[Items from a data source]
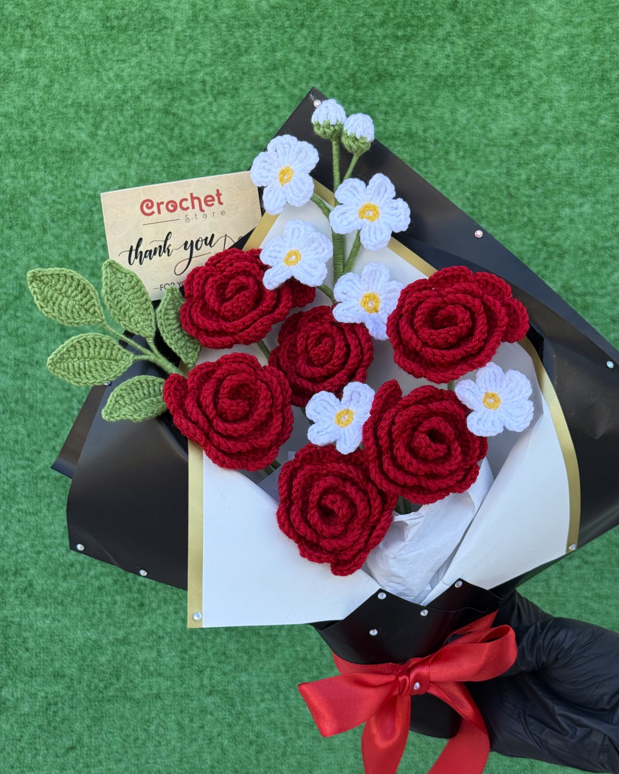 This crochet flower bouquet is a beautiful handmade arrangement that never wilts. It includes 6 red roses, 6 mini daisies with green leaves, all carefully crafted to add charm and warmth to any space.
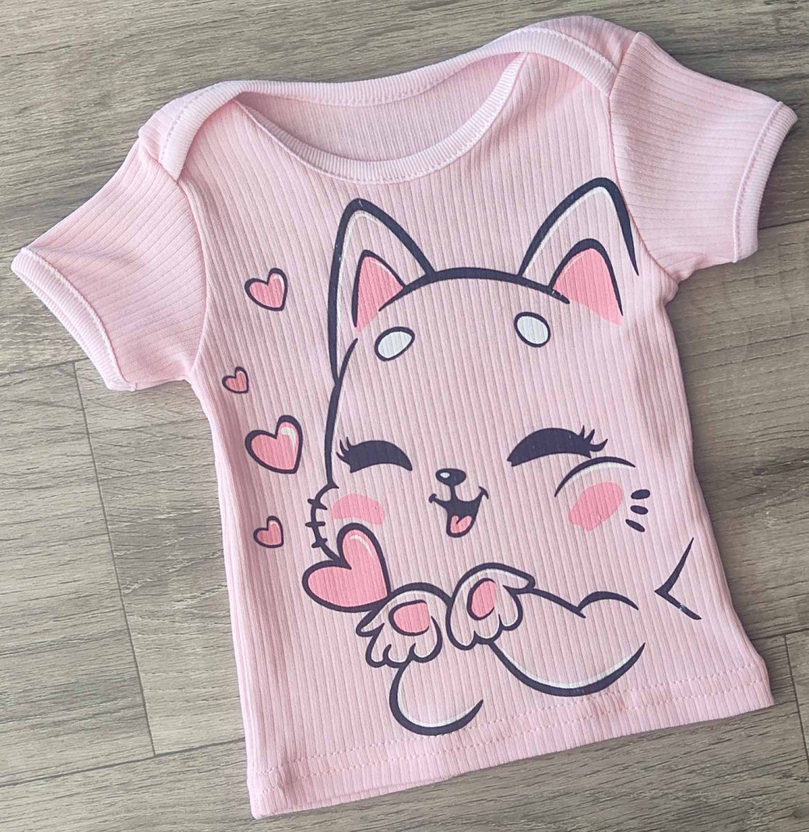 Футболка "Котенок" розовая, девочка 3-6-9-12 месяцев оптом уп. - 4 шт.
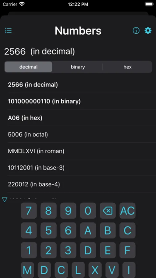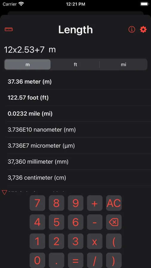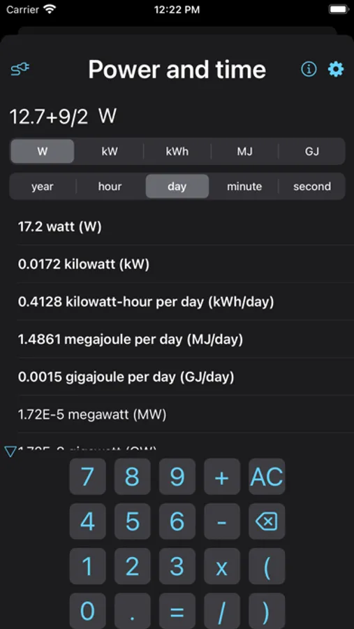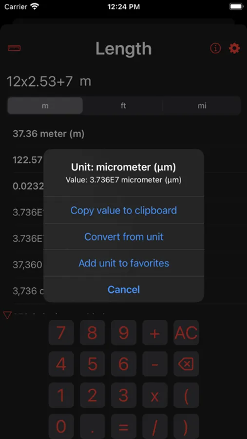 You can use the number pad to change what value to convert. For many unit sets you can use this as a calculator: the equation in the calculator is evaluated in the background and the result is converted to all units available.
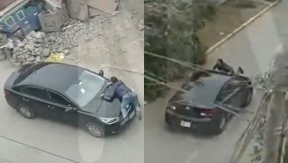 En ese instante, los delincuentes sacaron sus armas y lo encañonaron para luego botarlo de su taxi. En el video se aprecia que en su desesperación el taxista se lanzó sobre el capó de su auto para tapar la visión del ladrón que manejaba la unidad.
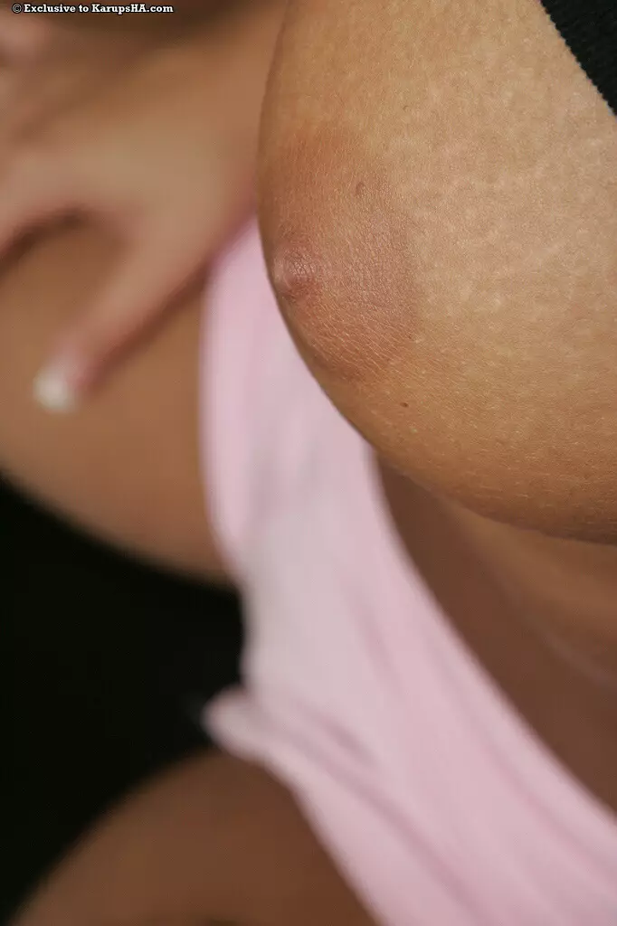 Спортивная малышка с каштановыми волосами - Tiffany Summers, снимает свою черную майку и узкие розовые шортики — Tiffany Summers
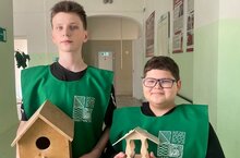 Ребята смастерили кормушки, добавили корм и развесили их на территории школы. На березу во дворе школы ребята повесили скворечник.

WHAT YOU NEED TO DO:
Each line above has to be returned exactly. Drop the pictures.

EXERCISE RESPONSE:
 This crochet flower bouquet is a beautiful handmade arrangement that never wilts. It includes 6 red roses, 6 mini daisies with green leaves, all carefully crafted to add charm and warmth to any space.
 Футболка "Котенок" розовая, девочка 3-6-9-12 месяцев оптом уп. - 4 шт.
 You can use the number pad to change what value to convert. For many unit sets you can use this as a calculator: the equation in the calculator is evaluated in the background and the result is converted to all units available.
 En ese instante, los delincuentes sacaron sus armas y lo encañonaron para luego botarlo de su taxi. En el video se aprecia que en su desesperación el taxista se lanzó sobre el capó de su auto para tapar la visión del ladrón que manejaba la unidad.
 Спортивная малышка с каштановыми волосами - Tiffany Summers, снимает свою черную майку и узкие розовые шортики — Tiffany Summers
 Ребята смастерили кормушки, добавили корм и развесили их на территории школы. На березу во дворе школы ребята повесили скворечник.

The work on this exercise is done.